Посадочная площадка находилась на краю небольшого поселка, состоящего из одинаковых новеньких деревянных домиков. Между домами не спеша разгуливали олени, собаки и дети.
— Так ты заходи к нам, — сказал Егорышеву Томашевич, после того как он помог разгрузить ящики и пакеты.
Егорышев ответил, что зайдет, и отправился в правление колхоза. В добротном доме из толстых бревен за письменным столом сидел плотный мужчина небольшого роста и неопределенного возраста. На скуластом безбородом лице чернели узкие спокойные глаза.
— Здравствуйте, — сказал Егорышев. — Вы председатель колхоза?
— Я, — ответил мужчина и, встав, протянул руку.—Будем знакомы. Меня зовут Мангульби. А тебя?
Снова Егорышева бесцеремонно назвали на «ты», и снова ему это понравилось.
— Меня зовут Степан, — ответил Егорышев. — Я приехал из Москвы, чтобы встретиться с одним человеком. С геологом Матвеем Строгановым. Он сейчас здесь?
— Он прилетел неделю назад, — сказал Мангульби. — Заседлал коня, поехал в тайгу, скоро вернется, тогда его увидишь.
— А когда он вернется?
— Должен завтра вернуться, — подумав, ответил председатель. — Продуктов взял на пять дней, обещал лекцию прочесть. Утром приедет.
— Что он делает там, в тайге? — спросил Егорышев.
— Рисует. Матвей хорошо рисует. Смотри, пожалуйста.
На стене висела картина, но в комнате было сумрачно, и Егорышев не смог ее разглядеть.
— Далеко поехал Матвей? — спросил он.
— В Синее ущелье. Он каждый раз туда ездит. Уже пять дней прошло, скоро вернется. Ты ступай отдохни. У меня дома будешь отдыхать. Посмотри в окно, видишь, стоит дом?
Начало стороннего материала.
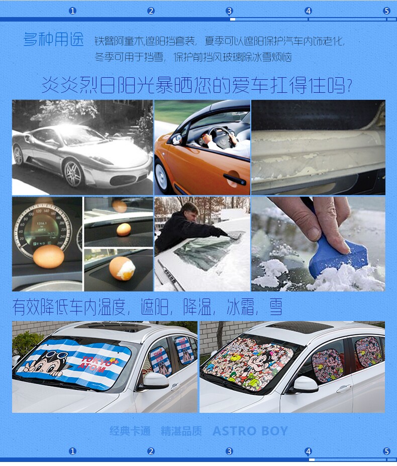 阿童木加厚汽车用品遮阳挡防晒隔热太阳挡遮光板前挡车窗侧挡套装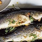 Roasting a whole fish always feels pretty baller to us. Branzino is one of our favorites — it makes us feel like we’re dining on a beach on the Italian coast. Ask your fishmonger to gut and scale the fish.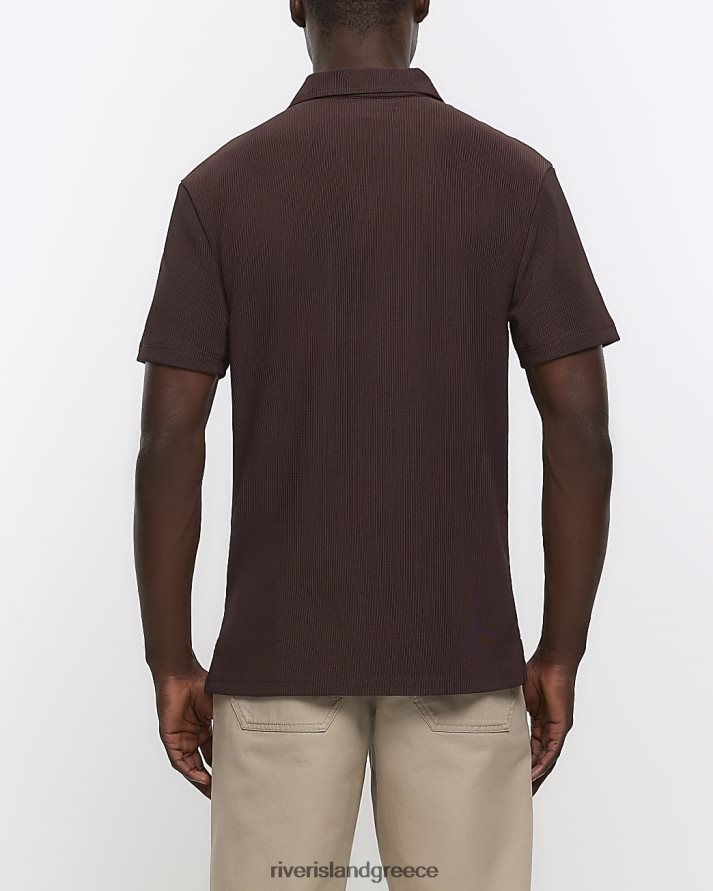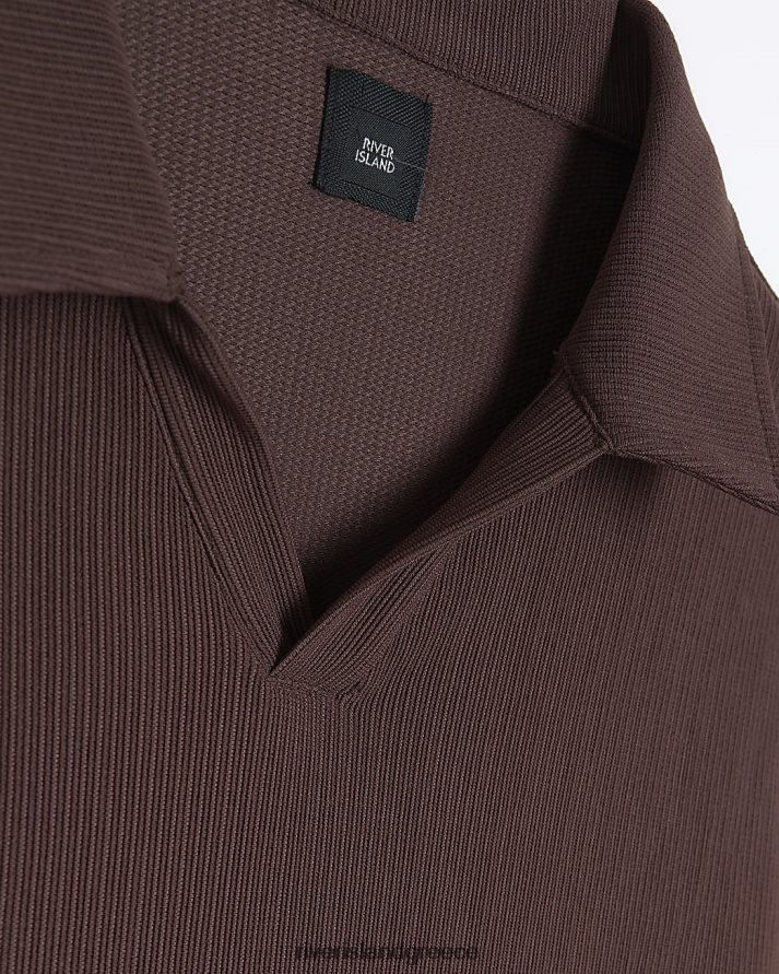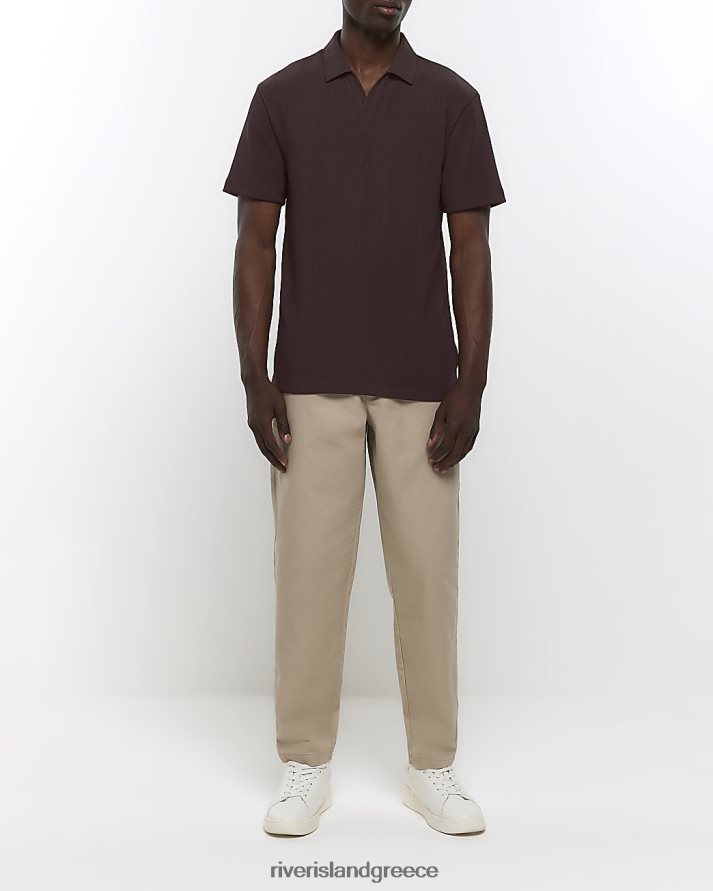 River Island ενδύματα καφέ άνδρες slim fit οθωμανικό κοντομάνικο πόλο B6N8X5727

Туда иди, тебя хозяйка за стол посадит, обедом покормит.
— Я потом к вам зайду, — ответил Егорышев. — Меня учитель пригласил.
— Очень хороший человек учитель, — серьезно сказал Мангульби. — И жена его тоже очень хорошая женщина. Иди к ним.
Школа стояла в центре поселка, возле нее играли ребятишки. Юра и Галя занимались заготовкой дров. Они пилили огромное полено, положив его на козлы.
— Ты нажимай, а не филонь! — услышал Егорышев издали голос Юры Томашевича. — Хочешь за мой счет проехаться?
— Молчал бы уж, лодырь несчастный, — ответила Галя. — Тоже мне лесоруб!
— Давайте я помогу, — сказал Егорышев.
— Познакомься, Галка, — сказал Томашевич, бросив пилу. — Это тот самый цирковой борец, про которого я тебе говорил.
— Вовсе я не цирковой борец, — удивился Егорышев.
— Ну и напрасно, — сказал Юра. — С твоими данными я бы лично обязательно стал цирковым борцом.
Галя улыбалась. Егорышев нашел, что она довольно мила, хотя и красивой ее назвать никак нельзя. У нее был чересчур большой рот, и когда она улыбалась, открывались все зубы. Но зато глаза сияли на ее круглом веснушчатом лице так добродушно и приветливо, что хотелось сразу им довериться.
— Очень хорошо, что вы пришли, — сказала она, — сейчас будем обедать.
От обеда Егорышев не отказался. Не отказался и от рюмочки водки, которую поднес ему Юра, предложив выпить за Москву и за москвичей. Они выпили за Москву и москвичей, потом за здоровье родителей, потом за мир во всем мире.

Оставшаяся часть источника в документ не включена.